== What the task asks ==
In the records below, find the line containing "Men's Geometric Polo" and return it together with every later line, exactly as written; pictures are to be omitted.

(Items from a dataset)
*** Block opens ***

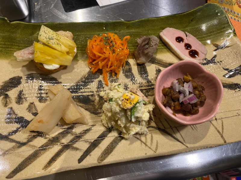 日々季節の食材を選びながら、ウキウキと新メニューを考え、たのしく仕込んでおりまして、定番メニューとざっくり2-3日で入れ替わっていくその時々のおばんざいをたのしんで頂けます。
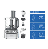 | What's In The Box: | Food Processor, 3.0 Litre Bowl, 1.5 Litre Thermo resist Glass Blender, Citrus Juicer, Micro- Serrated Knife Blade, 2mm + 4mm Reversible Slicing/Grating Disc, Extra Fine Grating Disc, Dual Metal Whisk, Dough Tool, Smart Store Bag, Spatula, Weighing Tray, Express Serve and Express Dice |
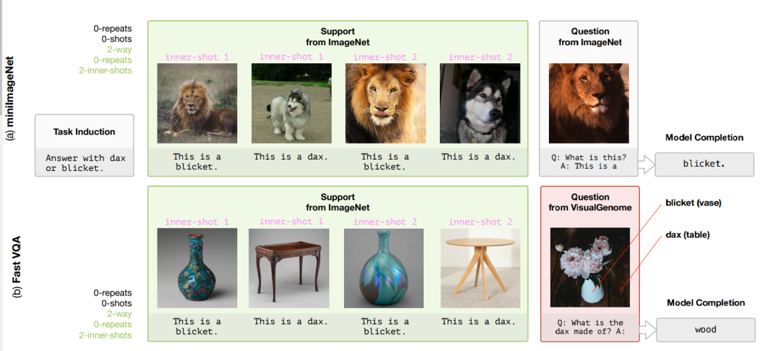 概念对应是人类在认知过程中极为重要的能力。当我们牙牙学语时,爸爸妈妈可能会指着一头狮子告诉我们这个”东西”叫“狮子”。教授几次过后,当我们再次看到狮子时,就能叫出“狮子“。在小样本学习中,概念对应是非常重要的一步。作者们在miniImageNet和FastVQA数据集上开展实验。由于在预训练过程中模型已经见到过大量的文本和图像的对应数据,无法看出模型快速对应新概念的能力。作者们首先将视觉类别对应的文本替换为无意义的词汇,之后提供少量视觉类别的样例和对应的词汇,让模型根据少量样例完成概念的对应,具体示例如下图:
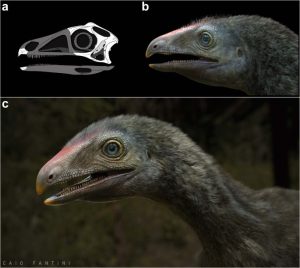 (Imagen 4) Reconstrucción del cráneo y de la cabeza de Venetoraptor gassenae. a. Reconstrucción del cráneo donde se muestra en blanco los huesos encontrados y en gris los elementos reconstruidos. b.c. Reconstrucción del animal en vida donde se observa el pico raptorial y la ranfoteca. Tomado de Müller et al. 2023
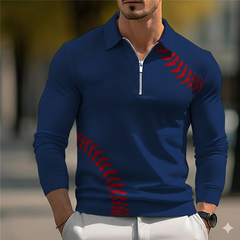Men's Geometric Polo Long Sleeve Turndown Modern Leisure Sports Outdoor Athleisure Casual Daily Zipper 3D Print Spring Fall Winter White Blue Green
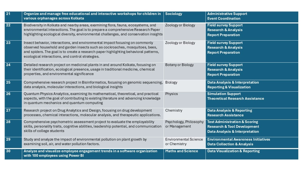2. Mentors would be experienced people like research scientists, academicians, industry professionals, entrepreneurs and other experts, etc
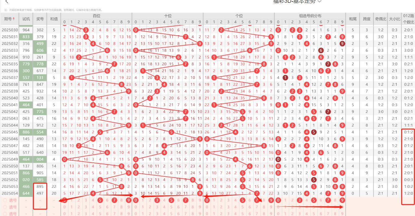 ①百位:上期开出小号偶数4号,在历史开奖记录中显示一般正常的奇偶周期平均在1~3期为普遍现象,偶数连续开出2期上期为1路号码,依据奇偶以及012路周期性规律的转变特征点即本期0路号码有开出的趋势1路号码注意预防。
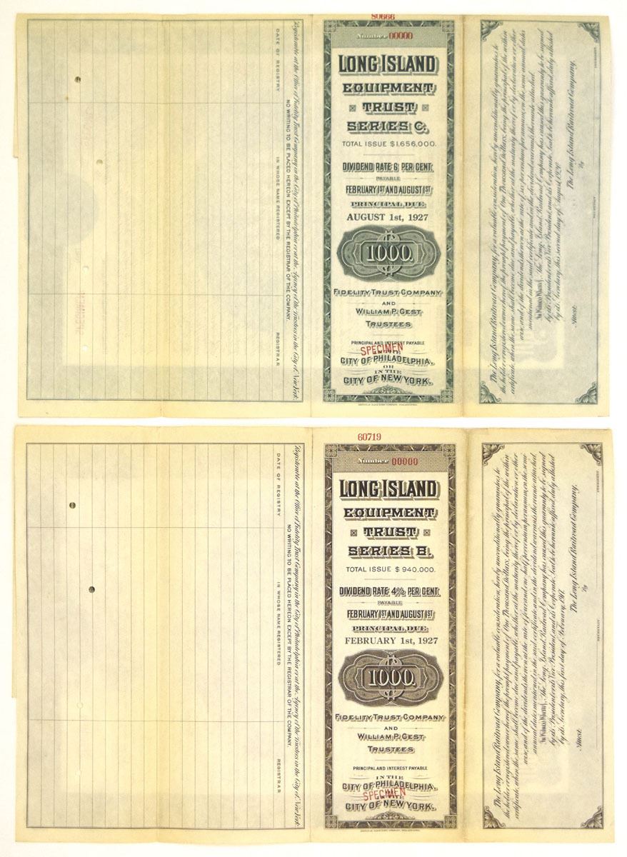 New York, 1917 and 1920 Lot of 2 Specimen Bonds, Includes: 1917 $1000 4 1/2% Series B Coupon Bond, Black with brown border; 1920, $1000 6% Series C Coupon bond, Black with green border, Both have same vignette of train rounding a bend at top above title, Specimen overprints, POCs, are in VF to XF condition, and printed by Franklin Lee ABNC. Attractive railroad bond pair.

*** Block closes ***

== Response for this exercise ==
Men's Geometric Polo Long Sleeve Turndown Modern Leisure Sports Outdoor Athleisure Casual Daily Zipper 3D Print Spring Fall Winter White Blue Green
2. Mentors would be experienced people like research scientists, academicians, industry professionals, entrepreneurs and other experts, etc
 ①百位:上期开出小号偶数4号,在历史开奖记录中显示一般正常的奇偶周期平均在1~3期为普遍现象,偶数连续开出2期上期为1路号码,依据奇偶以及012路周期性规律的转变特征点即本期0路号码有开出的趋势1路号码注意预防。
 New York, 1917 and 1920 Lot of 2 Specimen Bonds, Includes: 1917 $1000 4 1/2% Series B Coupon Bond, Black with brown border; 1920, $1000 6% Series C Coupon bond, Black with green border, Both have same vignette of train rounding a bend at top above title, Specimen overprints, POCs, are in VF to XF condition, and printed by Franklin Lee ABNC. Attractive railroad bond pair.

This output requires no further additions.